The second criticism is tied directly to the first; namely, after the wonderful, exquisitely creepy buildup the conclusion seems rushed and far too simple. Sure, there are subtle signs that all may not be completely over yet, but in general the resolution feels far too neat, evoking the paint-by-number mood of something precisely perfected and polished, but without the spark of mad delight characterizing the earlier parts of the novel.
That being said, I deeply enjoyed both narratives: the actual journey of Noemí Taboada into the High Place and out, and the underlaying discourse with Mexico’s recent colonial and paternalistic past. The latter is especially intriguing for its bold and entertaining take on various racial views, as well as the highly entertaining fantasy of revenge for the past transgressions, both on the land and the people. Greed and dominance, delusions of grandeur and superiority, nurture vs nature – all these themes are nicely interwoven in the narrative, playing an important yet ancillary role in the tragedy of the Doyles, in which Noemí serves as an unwilling catalyst.

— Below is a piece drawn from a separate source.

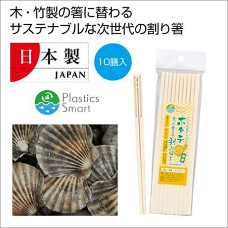 廃棄されるホタテの貝殻を使用したバイオマス素材を主原料としたプラスチックの製造をしています。 この素材は原料の51%以上がホタテの貝殻から製造されたものであり、プラスチックの原料となるポリプロピレンの使用量を大幅に減じた環境に 配慮した素材です。 ホタテの貝殻から製造することで、現プラスチック製品の代替が可能であり、 石油の使用量を減らすことが可能です。

Lastly, I am quite intrigued by fungi as a life form, equally separate from animals and plants, with their own secret lives; for those who share this fascination, or simply want to lay to rest certain fears awaken by Mexican Gothic, I can recommend a book by Robert Hofrichter, Das geheimnisvolle Leben der Pilze (unfortunately, I couldn’t find an English translation). So it shouldn’t come as a surprise when I say that I loved how Moreno-Garcia used the dual nature of fungi in her Gothic horror. I do realize that even without Mexican Gothic’s disturbing imagery fungi put the fear of god into the majority of Anglo-Saxon descendants, who in my experience usually approve only of champignons and oyster mushrooms 😉 (and the reason for it is something I’d love to do more research on at some point!). Alas, for the majority of continental Europeans (I cannot say anything certain about other parts of the world, but it seems mushroom consumption plays important role for many societies) wild mushrooms hold special allure – and I’m not talking about the hallucinogenic type :P. The edible mushrooms are picked with care and consumed with relish and without any adverse effects – if one knows his mushrooms, that is, for there are plenty poisonous species. The knowledge associated with the various mushroom types often is passed from one generation to the next as a family tradition.

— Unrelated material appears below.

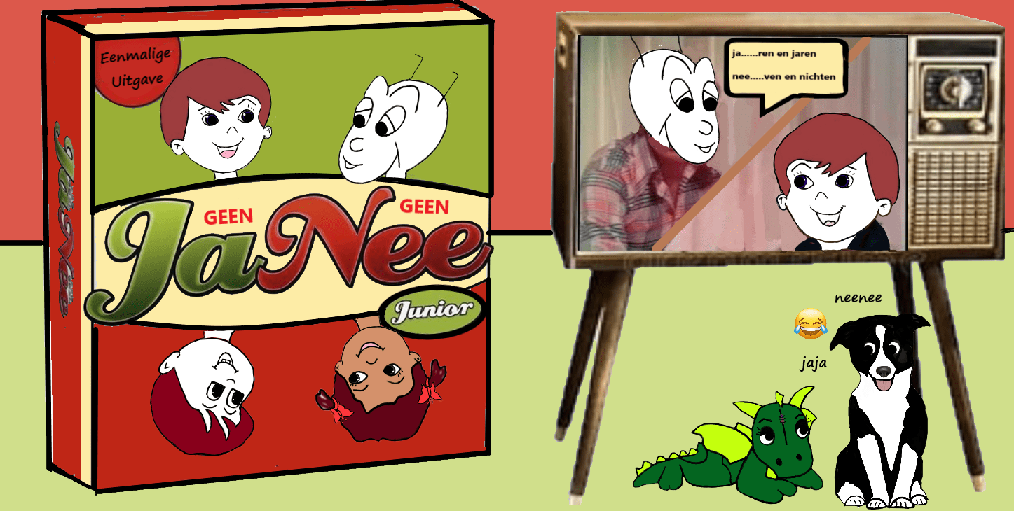 Oma zit op tv naar een heel oud tv spel te kijken, geen ja geen nee heet het. Je mag dan de woordjes ja en nee niet gebruiken. Dit lijkt ze een super spel! Wie af is moet dan weerde slimme sluwe vragen stellen. Oma begint.

The complex symbolism of mushrooms in various cultures around the world is a proof that humanity has a long and convoluted history with them – and boy, am I glad that Moreno-Garcia brings them once again to the limelight! Mexican Gothic is like a red toadstool growing boldly by the forest road – pick it up if you dare, its pretty and potentially dangerous fruiting body only the outward manifestation of a secret, shadowed life proliferating below ground.
I have received a copy of this novel from the publisher through NetGalley in exchange for an honest review. My thanks.